Perhaps Boris Johnson will even address the nation again, which may just mean good news for the football business, given this is a prime minister who acts like the smiling-lady figurine in a German weather clock, pinging into view only when there’s fine weather to report.
Behind all this there will be pressure, lobbying and a wrangle for a form of words that hints at progress being made. This will then feed into the Premier League’s own Monday meeting.
Here members will thrash out some kind of schedule, informed by their own leak-ridden internal struggles. This is an argument increasingly taking place in view of the neighbours, and leaves elite English football looking less like a family, more like a loose accumulation of venality, short-termism and greed. Hey! Who knew?
Let us be clear at this point. No spin or vested interests. Here is the dialogue that led us to this point. First principle: it is obvious no one in England should play professional football this summer. There isn’t time to play the games. It’s not medically safe. Train properly, plan properly. Restart in August. The end.

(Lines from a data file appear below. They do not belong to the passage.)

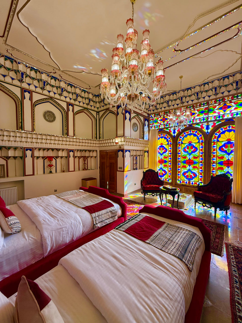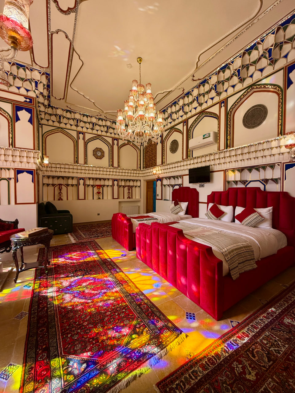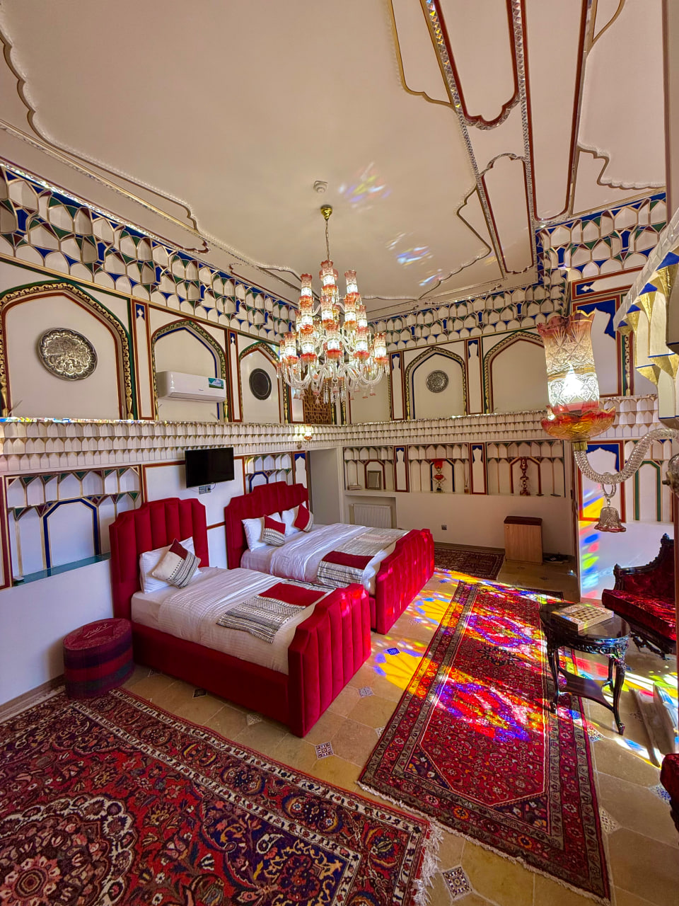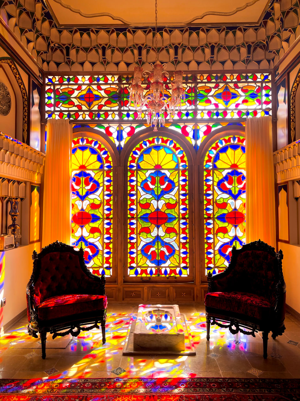 درهای ارسی و شیشههای رنگی، با عبور نور آفتاب، فضایی رویایی و رنگین میآفرینند که حال و هوای شاهنشینهای اصیل ایرانی را زنده میکند. طراحی سنتی در کنار فضای دلنشین و آرامشبخش، اقامتی متفاوت و بهیادماندنی را رقم میزند.
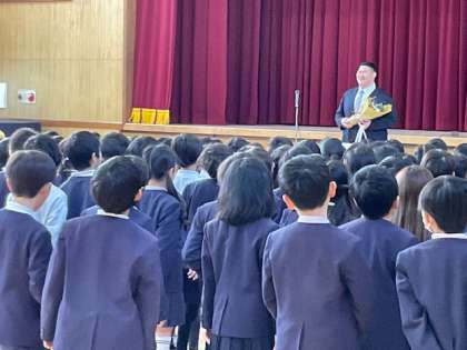式の最後には全校で校歌を歌い斉藤選手は笑顔で懐かしんでおられました。
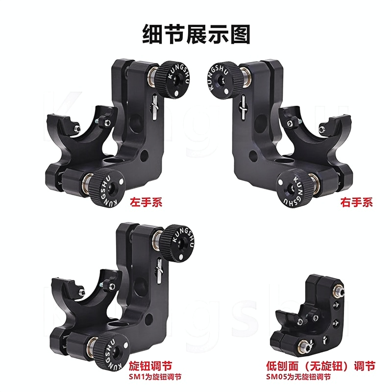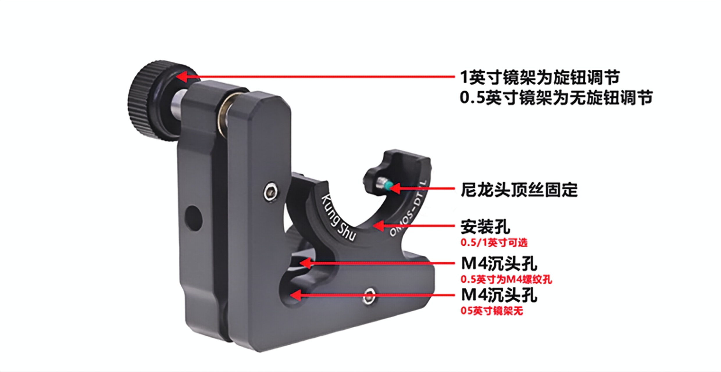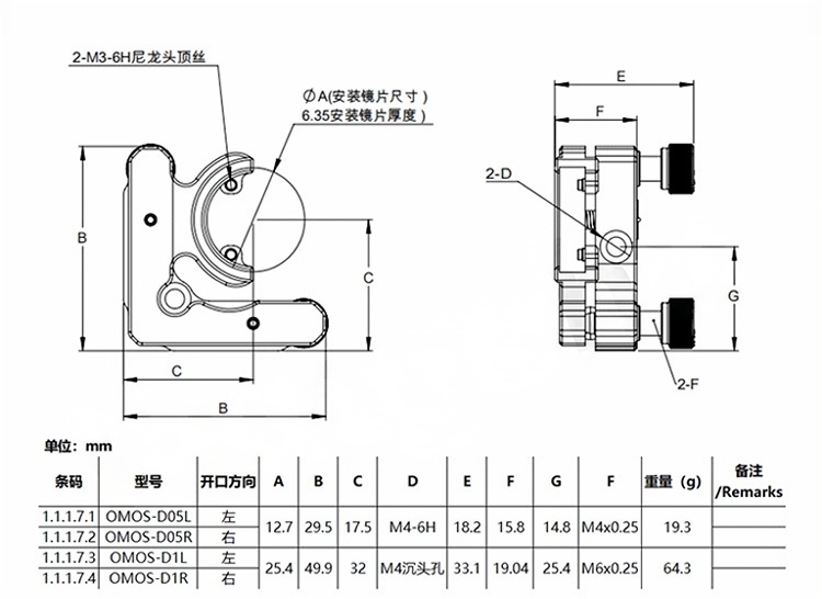 D型光学调整架专门设计用于安装我们的0.5英寸或1英寸的D型反射镜;反射镜通过两个尼龙头固定螺丝固定到光学调整架中,该调整架设计紧凑,最大限度的增加通光空间,在光束选取能避免其他光束。调整架±4°的调节范围,通过旋钮(六角扳手)实现调整。调整架有左右之分,两侧带有M4的沉头孔,可安装到接杆上。0.5英寸调整及啊不配备旋钮,可将其用于狭窄空间中。

Big Football: But, there’s £1bn at stake.
OK. Well, just forego that part of the season. More money will come. You can absorb this.

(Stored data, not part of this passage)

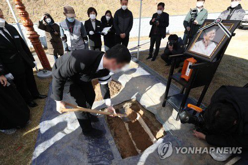고인의 마지막 길을 배웅한 유가족은 유골함이 땅속에 안치된 순간에야 영원한 이별을 실감한 듯 참았던 눈물을 터뜨렸다.
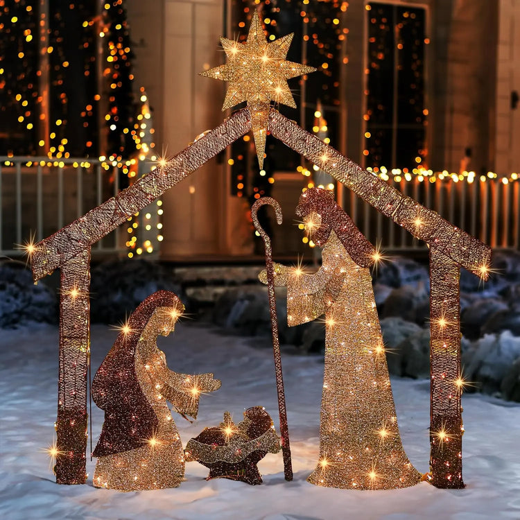 Christmas Nativity Scene Decorations Lighted Outdoor Scene, Holy Family Yard Decoration
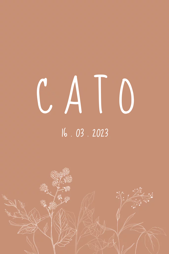 Geboortekaartje met geschetste veldbloemen en goudfolie naam op de voorkant
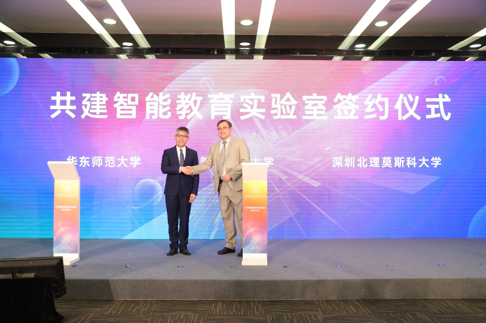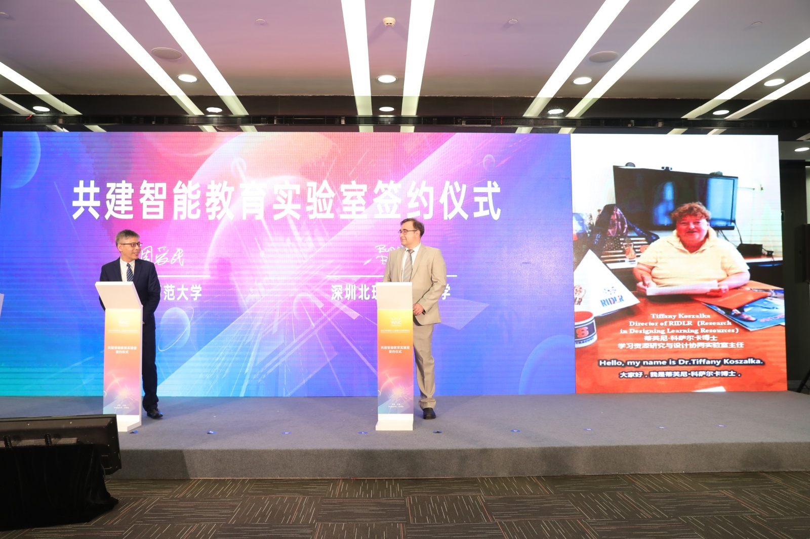 在共建智能教育实验室签约仪式上,由俄罗斯莫斯科大学教授、深圳北理莫斯科大学教授布达克先生,beat365正版唯一官网智能教育实验室副主任周爱民先生上台,同时携手美国雪城大学学习资源研究与设计协同实验室主任科萨尔卡女士在线通讯,共同完成签约仪式。这标志着智能教育发展的国际合作平台进一步拓展。
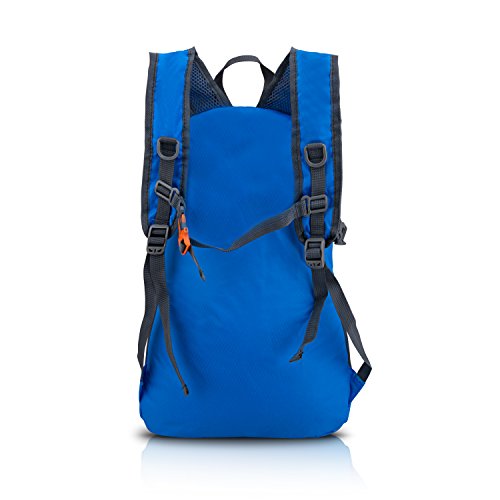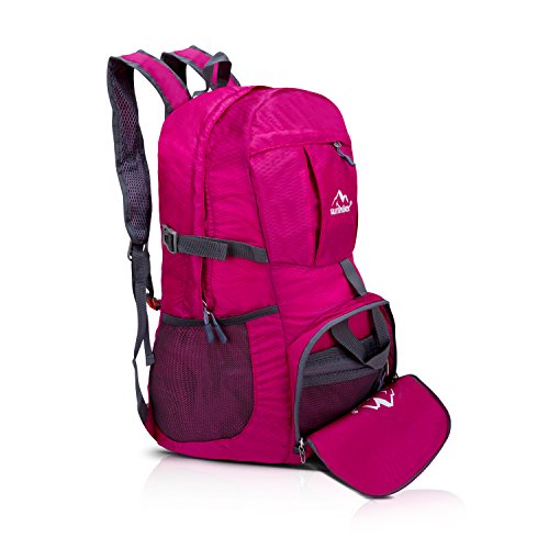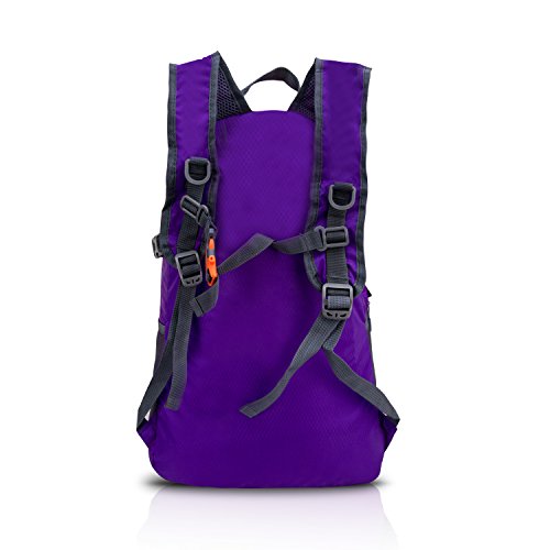 - Feature : COMPACT:Folds into zippered inner pocket to fit anywhere. Unfolds from pocket to backpack. Must have on every trip / DURABLE:The backpack is made from Diamond Ripstop and Water Resistant nylon fabric, provide strengthen and long-lasting performance with minimal weight / MULTI COMPARTMENTS:Features a classic shape with several pockets for storage and organization. This backpack has a roomy main compartment, two front zipper pockets to hold small accessories, one internal security zippered pocket for valuable items and two side pockets for water bottle or umbrella / LIGHTWEIGHT:(6.5oz) and ROOMY(35 Liters). A true space saver. Stuff the bag into its own pocket for storage---no extra fees, and unzip it when you reach your destination. Avoid overweight charges, simply unfold from your luggage and use it as a carry on for your excess baggage / Ultra-light, Ultra-durable, Ultra-awesome Backpack, perfect for day-to-day use or occasional travel, and great gift for everyone. Safety whistle buckle at fixing band where is on the shoulder straps
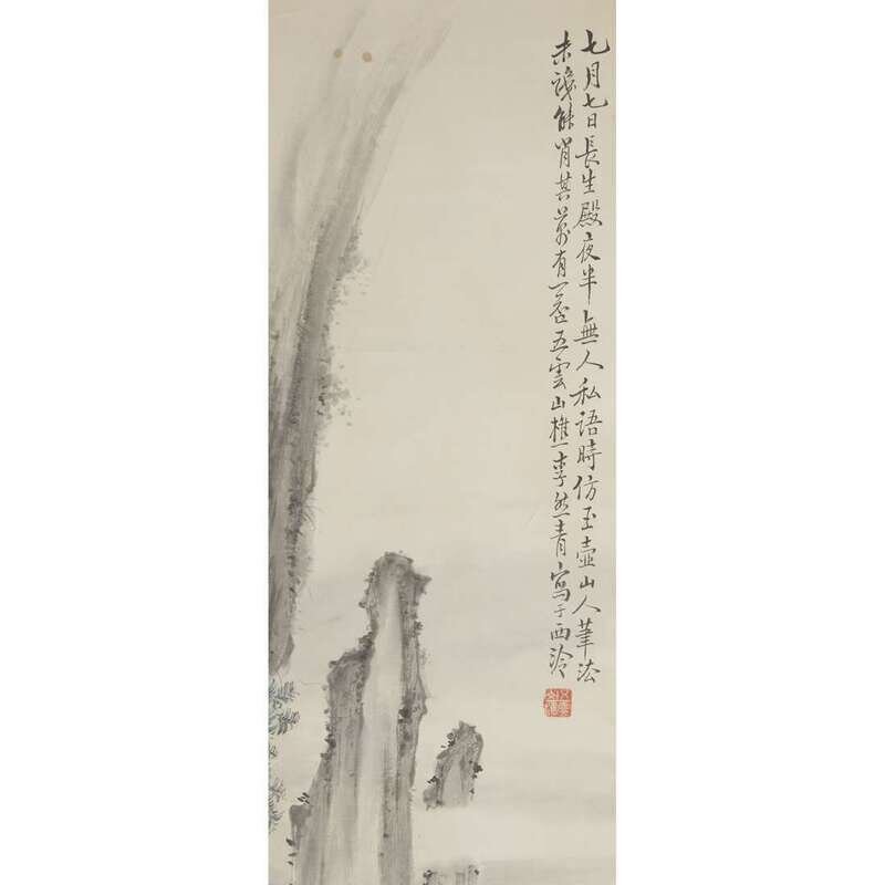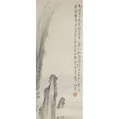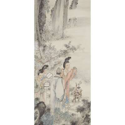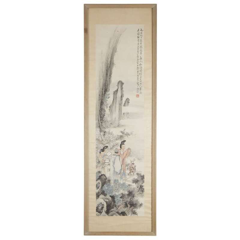 A MORNING OFFERING Ink and color on paper, inscribed and with one seal upper right, mounted on brocade, framed and glazed.

Big Football: Er, we can’t. Our finances are insane. We spend £3bn, or 70% of income, on wages. Some of us on the way up spend more than we earn on wages. We are rich, but also reckless and greedy.
OK. Then take a collective haircut to preserve the model. Share the hit as sensibly as you can. You’re all in this together.
Big Football: Er, we can’t because we’re not. Those who are relegated may well sue the rest of us. Players will jump ship if we dock wages. The broadcasters are at the gates. Nothing works. There aren’t enough lifeboats. End result: playing the games is absurd. But we still have to play the games.
At which point, enter a world of terrible ideas. Enter biosecure football. Not biosecure nuclear plants or biosecure food production. No. Biosecure football, words that signify of their own accord that something truly idiotic is happening here.
Never mind, though. Keep it coming. Spitting to be a yellow-card offence. Over-70s banned. Compulsory snood-wearing. Sex bans. Shortened games. A 23-team league. There’s plenty more of this to come, each tweak a little more Weekend At Bernie’s, another version of marching this greying corpse around the place pretending it’s still out there having a great time by the pool.
What is certain is that the football produced at the end of this process will look terrible and feel terrible. This is sport as a punishment, sport to be forced down the gullet like bad medicine. Does this matter? The answer is surely yes, if only because there are more diffuse threats out there than simply how to finish the season.
Above all, there is a pressing need to tend to your consumers, to speak to your base, to at least try to present some kind of sensible, likable face. The popularity of the Premier League is not a given. It is an accident of history, a hangover from the 20th century, fruit of three decades of expert governance. But it doesn’t have to be this way. The old normal has gone. Empires fall.
Economists are already talking about industries with zombie parts – such as jumbo jets and multiplexes and mass office spaces. Football’s task now is to ensure as little of its model as possible falls into this category. Imagine, for example, mortgaging your future to the absolute certainty 80,000 people will keep getting on planes to gather in your stadium the whole year round. Good luck shifting tickets for that state-of-the-art horse-drawn train.
What is certain is this is a moment for shared not singular solutions, and for the kind of leadership the undeniably sure-footed Richard Scudamore might have offered. The message is clear for the entire extended clan, from clubs, to administrators to broadcasters and players. Stand together, eat together, fast together. Or choke.